▸ Supplied information

^^^^^^^^^^^^^^^^

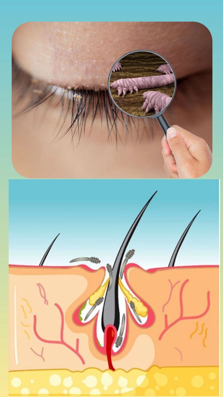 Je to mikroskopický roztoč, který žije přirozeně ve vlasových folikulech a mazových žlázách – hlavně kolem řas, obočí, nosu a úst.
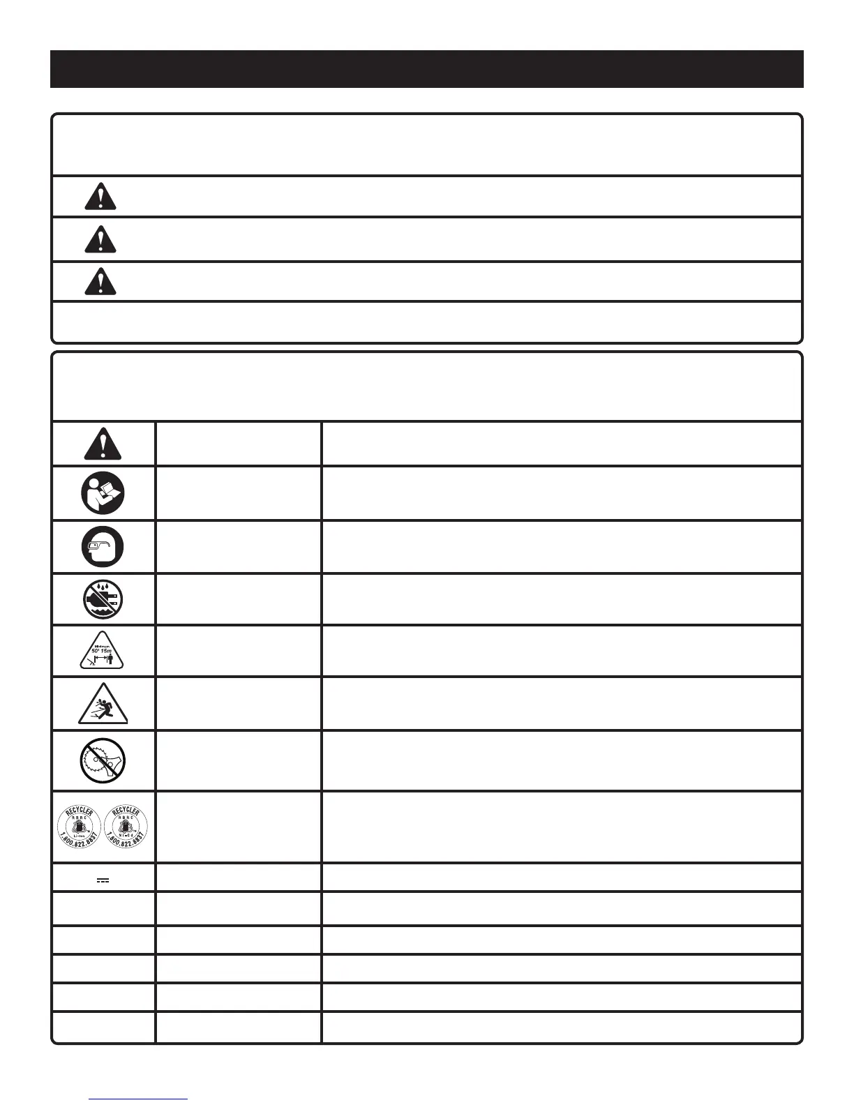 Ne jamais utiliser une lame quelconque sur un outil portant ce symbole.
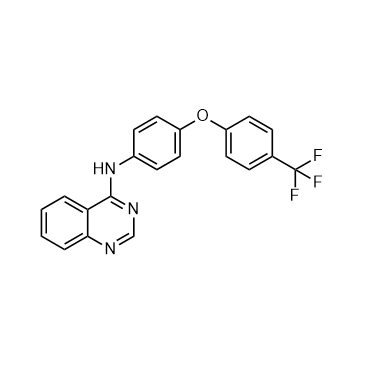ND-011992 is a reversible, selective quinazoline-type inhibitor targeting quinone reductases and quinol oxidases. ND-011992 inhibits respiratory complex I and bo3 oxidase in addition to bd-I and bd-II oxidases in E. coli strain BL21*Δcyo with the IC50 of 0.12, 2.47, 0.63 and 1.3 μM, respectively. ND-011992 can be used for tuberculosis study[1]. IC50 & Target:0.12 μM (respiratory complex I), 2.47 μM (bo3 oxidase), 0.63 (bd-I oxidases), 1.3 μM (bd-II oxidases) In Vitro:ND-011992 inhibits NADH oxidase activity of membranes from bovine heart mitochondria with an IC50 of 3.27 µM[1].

^^^^^^^^^^^^^^^^

▸ What the task asks
Could every line above be set down exactly, with the pictures omitted?

▸ Output
 Je to mikroskopický roztoč, který žije přirozeně ve vlasových folikulech a mazových žlázách – hlavně kolem řas, obočí, nosu a úst.
 Ne jamais utiliser une lame quelconque sur un outil portant ce symbole.
ND-011992 is a reversible, selective quinazoline-type inhibitor targeting quinone reductases and quinol oxidases. ND-011992 inhibits respiratory complex I and bo3 oxidase in addition to bd-I and bd-II oxidases in E. coli strain BL21*Δcyo with the IC50 of 0.12, 2.47, 0.63 and 1.3 μM, respectively. ND-011992 can be used for tuberculosis study[1]. IC50 & Target:0.12 μM (respiratory complex I), 2.47 μM (bo3 oxidase), 0.63 (bd-I oxidases), 1.3 μM (bd-II oxidases) In Vitro:ND-011992 inhibits NADH oxidase activity of membranes from bovine heart mitochondria with an IC50 of 3.27 µM[1].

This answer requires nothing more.